Sunday, June 13, 2010

Crime-scene cleanup requires technical, personal skills


Subtle eye needed to ensure work is completed properly

By JOHN PRZYBYS
LAS VEGAS REVIEW-JOURNAL
It's a question nobody ever wants to have to ask.

What happens after the homicide, or the suicide, or the death that nobody notices for days or even weeks? There's no way to put it delicately, but who cleans up the mess?

The answer: People such as John Gardner and David O'Brien, Southern Nevadans who own companies that specialize in the unusual, technically difficult and, well, just plain icky job of cleaning up crime scenes and other situations beyond the capabilities of traditional cleaners.

Most people "think the police will clean it up or the first responder -- the fire department -- will clean it up," says O'Brien, owner of Crime Scene Clean Team. But it is the survivors who must make the arrangements.

Specialized cleaners are required because blood, bodily fluids, bodily material and other residues are biohazards that can transmit infectious diseases. Consequently, cleaners must treat everything they come into contact with as potentially infectious, either to themselves or to a home's occupants.

The cleaners' workplace attire includes gloves, protective eyewear and booties at a minimum to disposable hazardous materials suits and respirators. After the job, those materials, along with paper towels and other contaminated items ranging from bloodied bed sheets to stained mattresses have to be treated as biomedical waste.

In addition to technical expertise, the job requires empathy and interpersonal skills. Cleaners work with people who have suffered a traumatic experience and, O'Brien says, the first thing his employees do on a job is to offer "our sincere condolences for their loss."

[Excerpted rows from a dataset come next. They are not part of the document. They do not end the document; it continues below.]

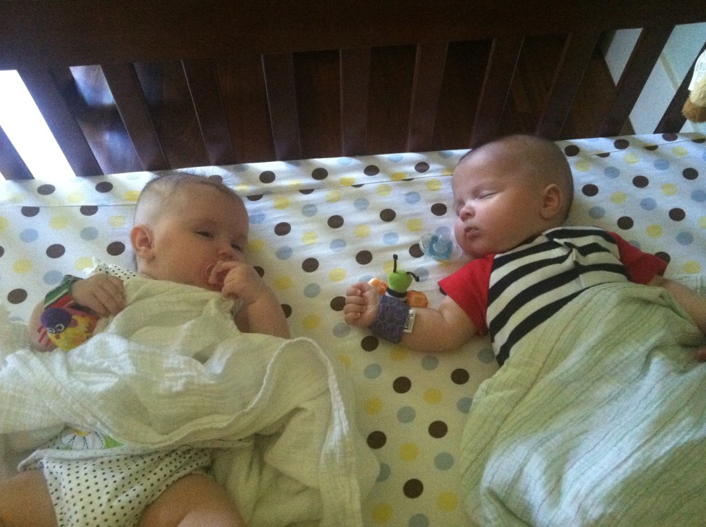 The moment we get into the nursery we all relax. Just upstairs Jack and Fiona were crying, grabbing the spoon, covering themselves in pea soup. Me, getting more and more frustrated, looking at the mess to clean after I put the babies to bed. Downstairs I set the lighting, I turn on a nursery songs cd. I take off Fionas clothes covered in crusty reminders of today, then Jacks. I fill the tub. I take off my clothes too, after the bath we do skin to skin. Fiona blows onto my belly like Alan and I have been doing to them to make them laugh. The babies walk around the nursery in thier diapers, they mouth their teddies, look at books, show me pictures in “Whats on my head” and “The hungry Caterpillar.” I relax on the futon, I get to see moments when they sit side by side analyzing the same book or toy. Every few minutes they come over to me, climb over my legs, lay next to me. I try to give Jack a cuddle but he rejects, he wants to be free. Fiona gladly accepts a hug. They practice their walking and clapping skills until they get so tired they start focussing on their lovey’s. It’s time to put their pajamas on and feed them their bottles. I say goodnite and leave the nursery. I am glad most of my workday is done, except I still need to cook dinner and clean the kitchen. I feel satisfied with the job I did with the babies, and part of me misses them already.
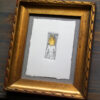 Tiny is no jest: the printed image is only 2 inches high and 3/4 inch wide, and the paper is 3 x 4 inches. It is framed in a 4 x 5 inch antique gilded frame (outer dimensions of the frame are 5 5/8 x 6 5/8 inches). I have photographed it without glass, but will ship it with glass (or plexiglass for safety if the collector prefers), properly spaced away from the artwork so it does not come in contact with the paper.
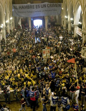 Era una iglesia distinta claro: banderas rojinegras ondeando cerca del altar (Sandino, Kropotkin y todos esos santos revolucionarios). Arriba, en los más alto, una pancarta decía “Movimiento Chicos del Pueblo”. Después, en otro momento, otra pancarta decía “El hambre no es voluntad de Dios”.

"It's not about the bucks. It's about helping those who need our services," says O'Brien, who has worked in the field for about eight years.

Particularly in cases of suicide or other deaths, "you have to have compassion for people," adds Gardner, owner of Absolute Decon Services.

The cleaners' work begins after receiving a call from a property owner, if the crime or cleanup scene involves private property, or a law enforcement officer or similar official if it involves a street or another form of public property.

Barbara Morgan, a Las Vegas Metropolitan Police Department public information officer, says the department has contracts with two companies for crime scene and building cleanups and another for cleanups that involve motor vehicle accidents.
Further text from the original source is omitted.